Chapter 64
is not printed, but the following heading is inserted: "Of the neclygences of the masse and of the remedyes I passe over for it apperteyneth to prestes and not to laie men. C. Lxiiij."
In the Windsor copy this chapter is printed at the end of the book on three extra leaves, and ends as follows: "This chapitre to fore I durst not sette in the boke by cause it is not convenyent ne aparteynyng that every laye man sholde knowe it."
[Illustration:
PLATE XIX
THE BOKE OF ENEYDOS
(see page 77) ]
[Illustration:
PLATE XX
ARS MORIENDI
(see page 77) ]
In June, 1490, Caxton finished the translation of two books, _The Art and Craft to know well to die_ and the _Eneydos_. The first is not a translation of the complete book, but merely a small abridgment, running to thirteen printed leaves in folio. Blades mentions only three copies, and curiously enough makes no mention of the peculiarly fine one which belonged to Lord Spencer, though he made a careful examination of all the Caxtons at Althorp.
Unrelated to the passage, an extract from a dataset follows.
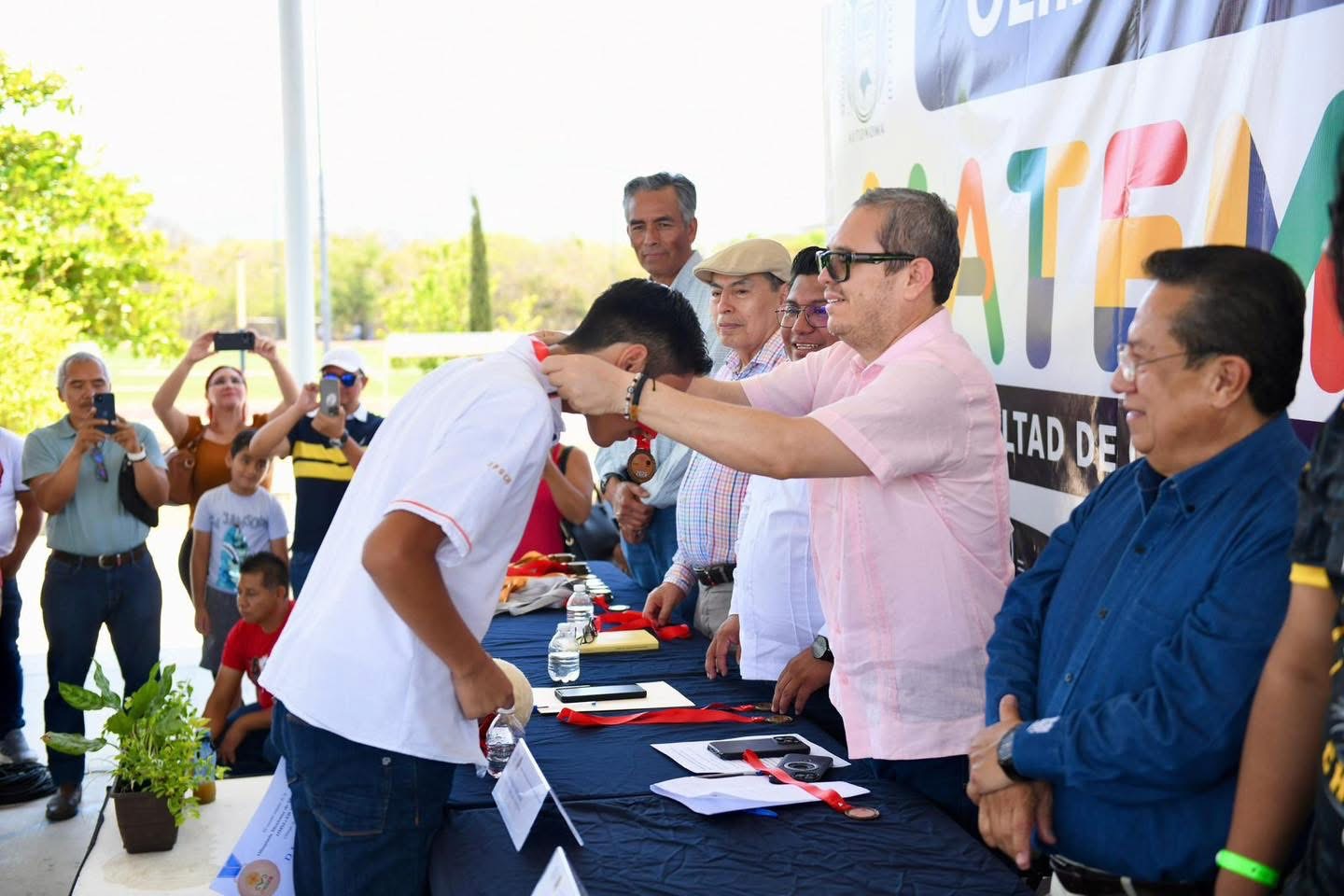 Tuxtla Gutiérrez, Chiapas.- Se realizó la ceremonia de Premiación de la Fase Estatal de la Olimpiada Mexicana de Matemáticas (OMM) y la Olimpiada Mexicana de Matemáticas para Educación Básica (OMMEB), organizada por la Facultad de Ciencias en Física y Matemáticas de la Universidad Autónoma de Chiapas, donde participan alumnos desde 4° grado de primaria hasta 6° semestre de preparatoria y donde las y los ganadores recibieron las medallas de manos de las autoridades universitarias.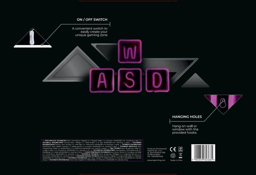 PREYON Purple Eye Bait PBEB28WD er et dekorativt neonskilt for vegg med fleksibel LED-stripe, designet spesielt for gamingrom og skrivebord. Skiltet etterligner de ikoniske WASD-tastene og lyser i en intens lilla farge, noe som gir gamingplassen et tydelig fokuspunkt og en unik visuell stil. Med dimensjoner på 420 x 16 x 285 mm passer dette neonskiltet like godt over skrivebordet, ved siden av skjermen eller i bakgrunnen av streamingoppsettet. Den integrerte LED-teknologien gir jevnt lys, lavt strømforbruk og lang levetid, perfekt for deg som vil ha et neonskilt wasd til gamingrom uten kompliserte løsninger.

The _Eneydos_ is not, as might be expected from the name, a translation of Virgil's _Aeneid_, but is more in the nature of a romance founded upon it. Caxton's version was translated from "a lytyl booke in frenshe, named Eneydos," probably the work called _Le Livre des Eneydes_, printed at Lyons in 1483 by G. le Roy. The most interesting part of the work is the prologue, for in it Caxton sets out at length his views and opinions on the English language, its changes and dialects. He notes that it was rapidly altering. "And certaynly our langage now used varyeth ferre from that whiche was used and spoken when I was borne." While some were anxious to preserve the old style, others were equally wishful to introduce the new. "And thus bytwene playn rude and curious I stande abasshed, but in my judgemente the comyn termes that be dayli used ben lyghter to be understonde than the olde and auncyent englysshe."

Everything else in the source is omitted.